With the pictures omitted, repeat exactly the lines below starting with the line that has "今日は、久志岳(写真下)はく" and going on through the line that has "quarterly tender offers".

§ DATA FOR ANALYSIS:
"""
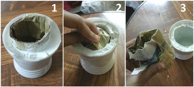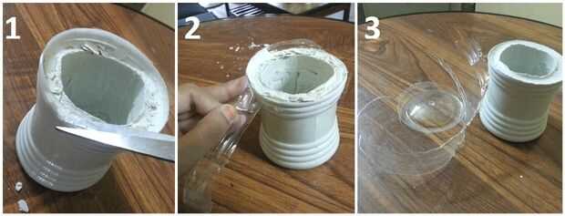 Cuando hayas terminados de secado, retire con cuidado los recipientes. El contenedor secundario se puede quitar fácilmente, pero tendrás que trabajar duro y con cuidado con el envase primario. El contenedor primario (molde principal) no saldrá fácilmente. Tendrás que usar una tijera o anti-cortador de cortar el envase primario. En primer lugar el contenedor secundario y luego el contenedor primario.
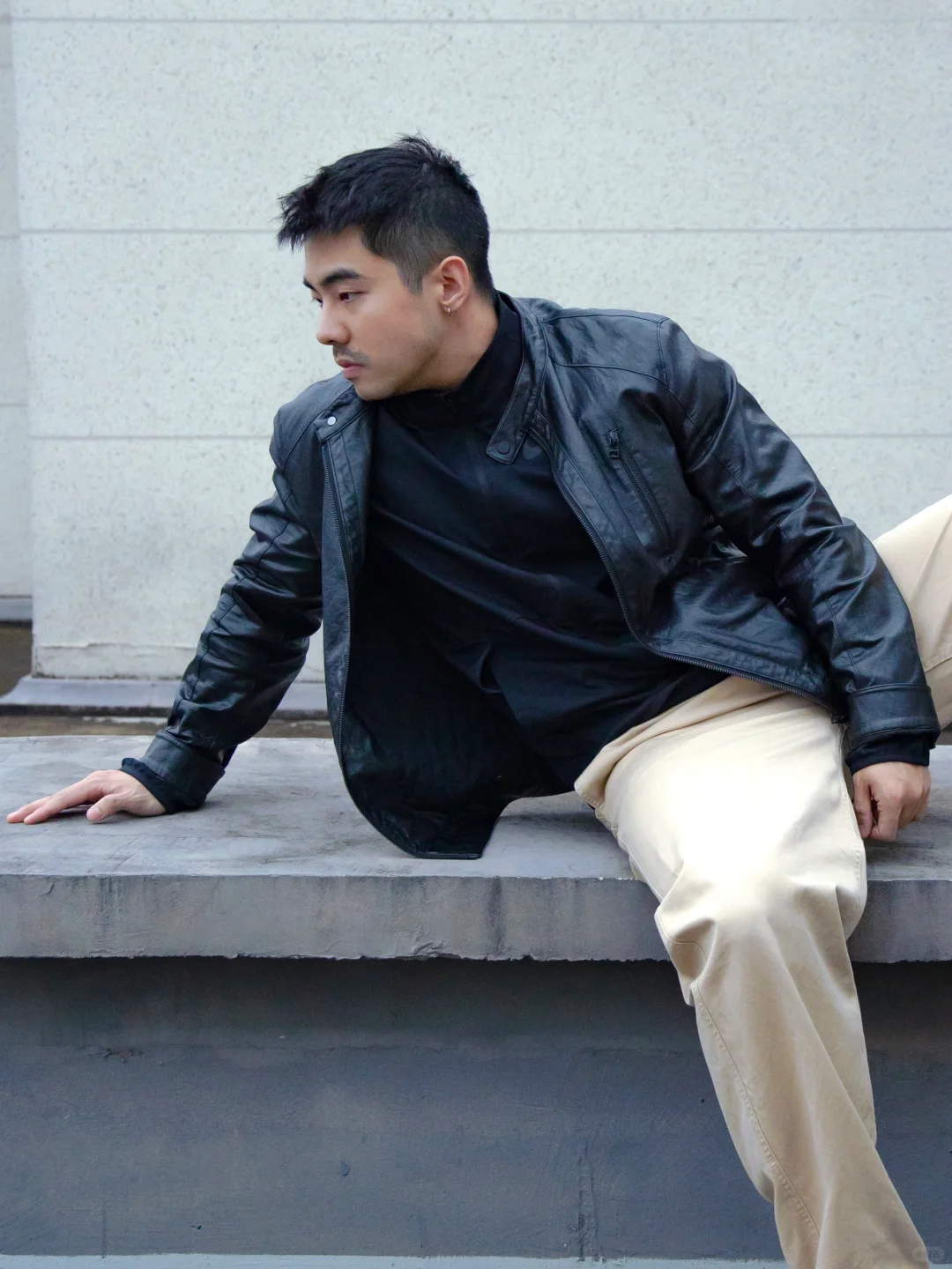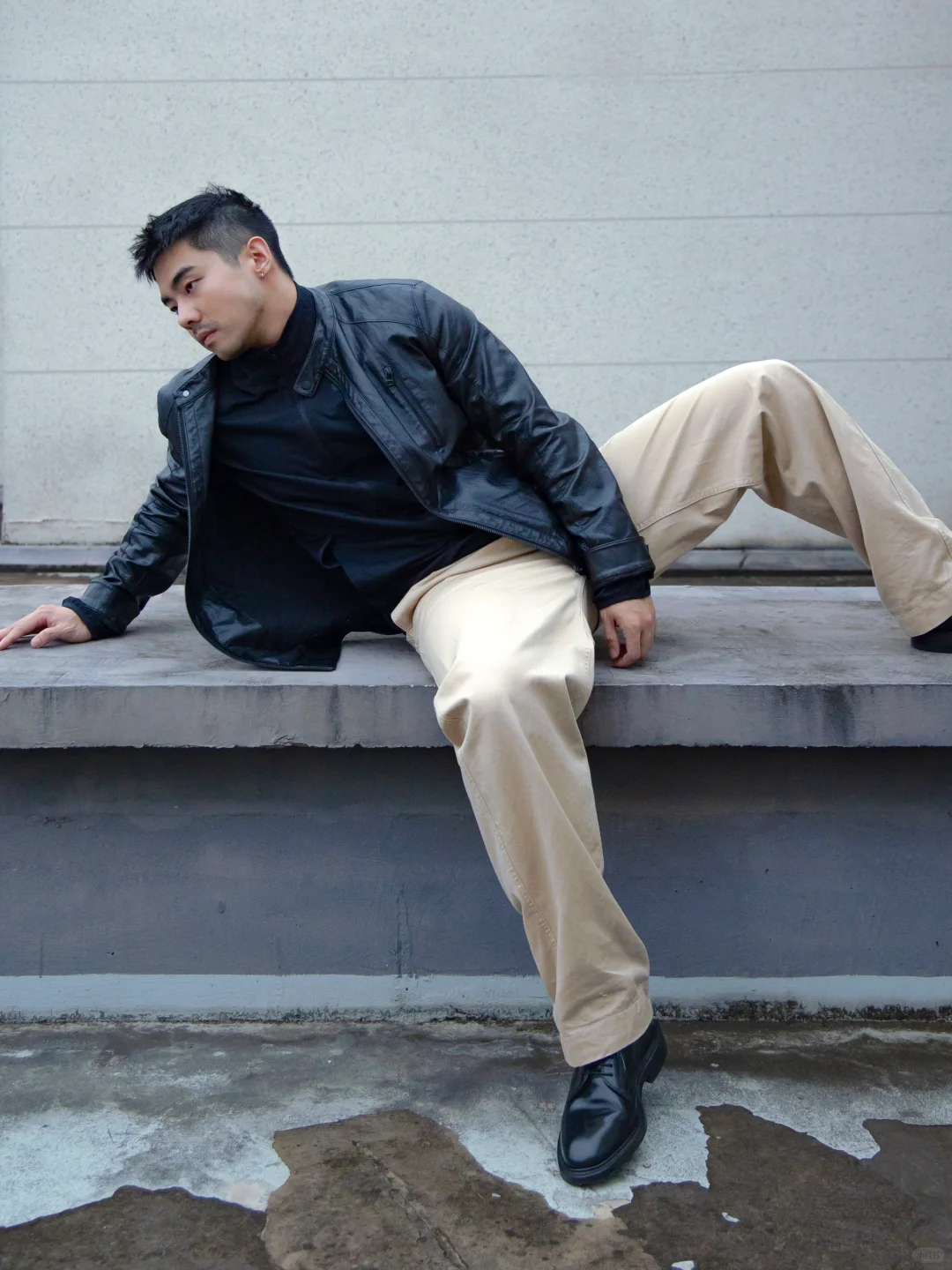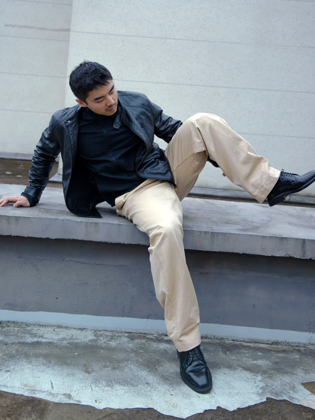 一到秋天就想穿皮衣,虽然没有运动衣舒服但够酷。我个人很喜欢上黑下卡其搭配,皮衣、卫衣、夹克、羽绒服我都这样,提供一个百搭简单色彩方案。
"""
"""
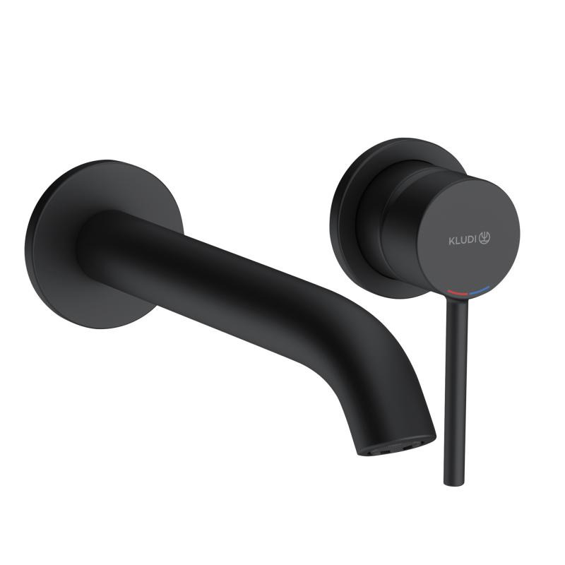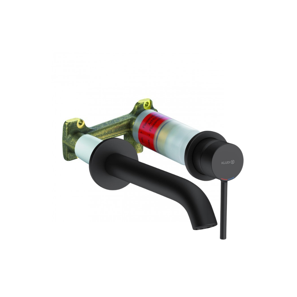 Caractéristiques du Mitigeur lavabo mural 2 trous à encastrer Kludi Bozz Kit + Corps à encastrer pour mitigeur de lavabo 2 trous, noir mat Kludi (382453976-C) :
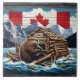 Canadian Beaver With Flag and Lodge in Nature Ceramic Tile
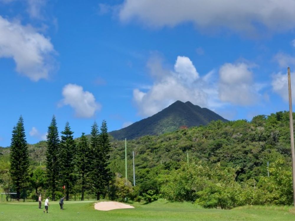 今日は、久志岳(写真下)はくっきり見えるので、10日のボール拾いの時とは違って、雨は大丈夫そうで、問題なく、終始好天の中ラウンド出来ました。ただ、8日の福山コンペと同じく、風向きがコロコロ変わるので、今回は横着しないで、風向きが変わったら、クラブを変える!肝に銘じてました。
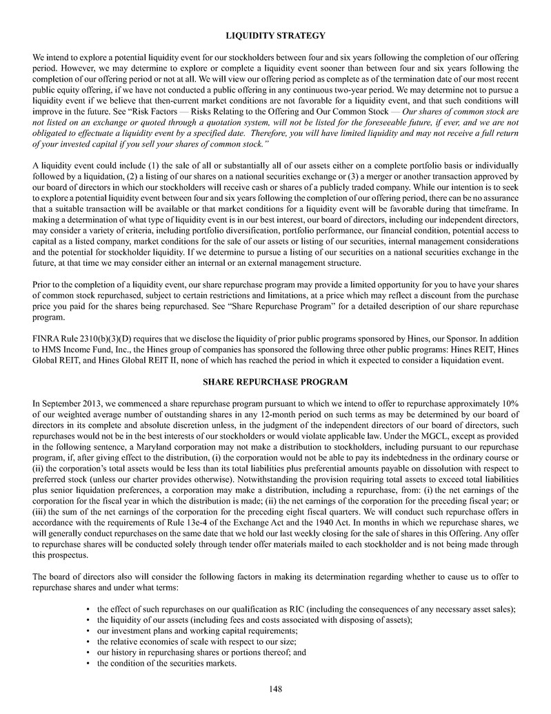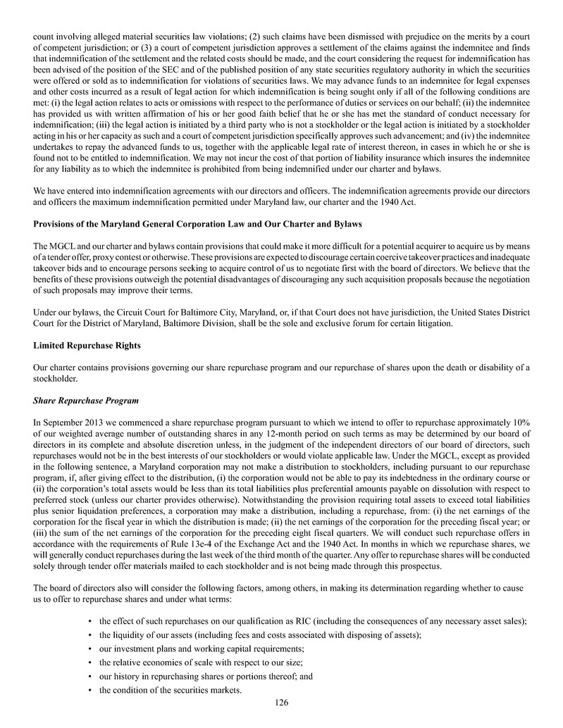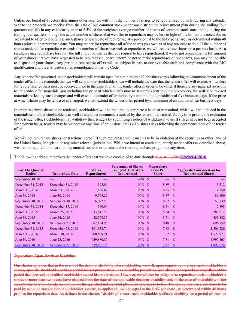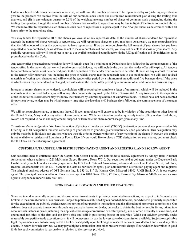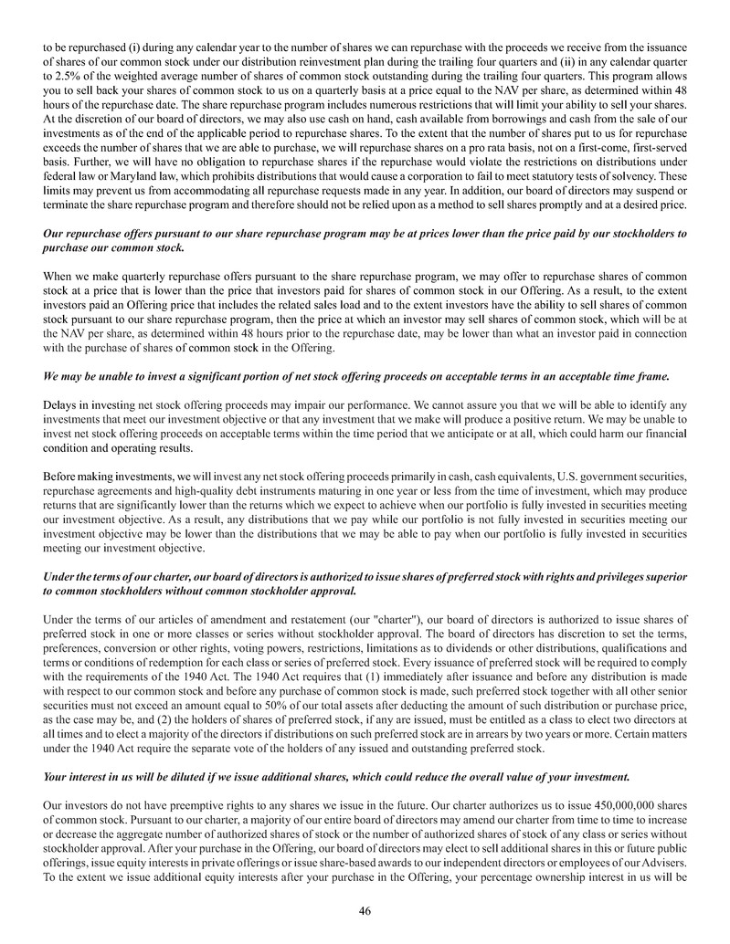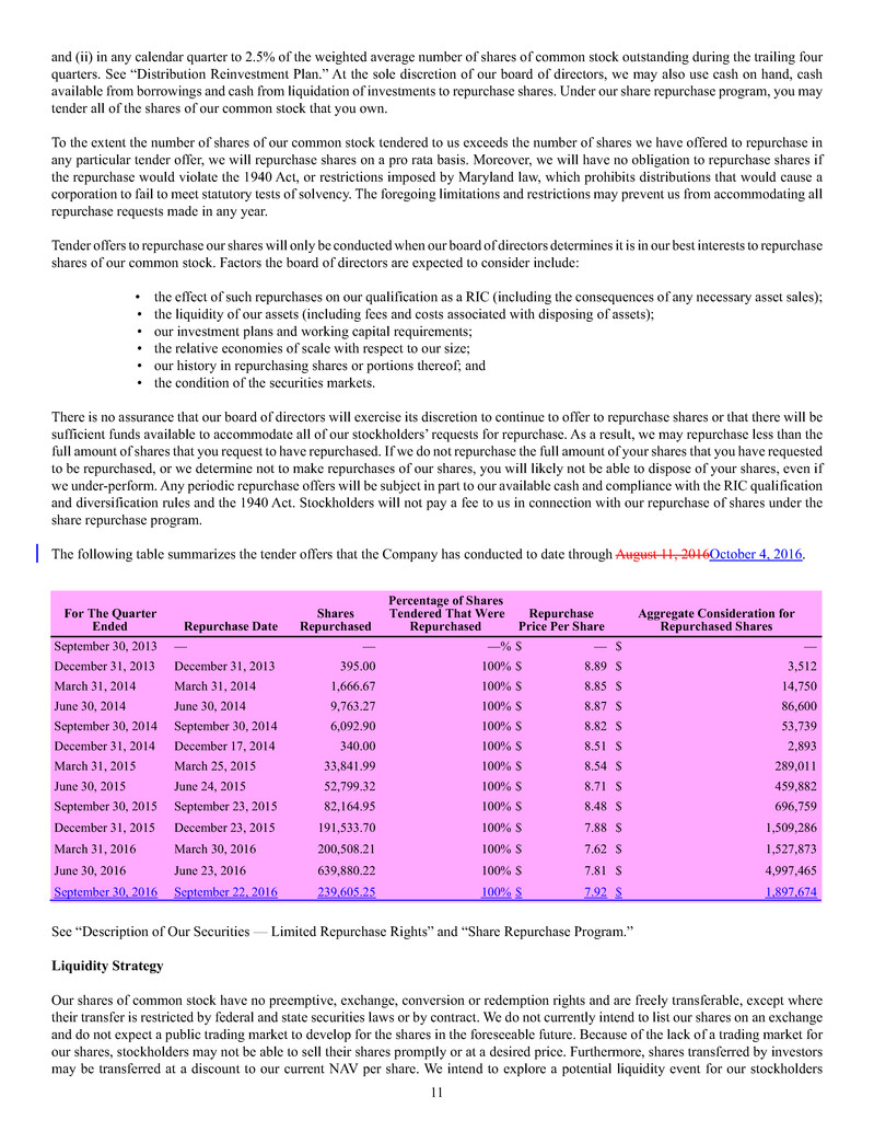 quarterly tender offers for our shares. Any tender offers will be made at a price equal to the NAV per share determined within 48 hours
"""
§ RESPONSE FOR THIS EXERCISE:
 今日は、久志岳(写真下)はくっきり見えるので、10日のボール拾いの時とは違って、雨は大丈夫そうで、問題なく、終始好天の中ラウンド出来ました。ただ、8日の福山コンペと同じく、風向きがコロコロ変わるので、今回は横着しないで、風向きが変わったら、クラブを変える!肝に銘じてました。
 quarterly tender offers for our shares. Any tender offers will be made at a price equal to the NAV per share determined within 48 hours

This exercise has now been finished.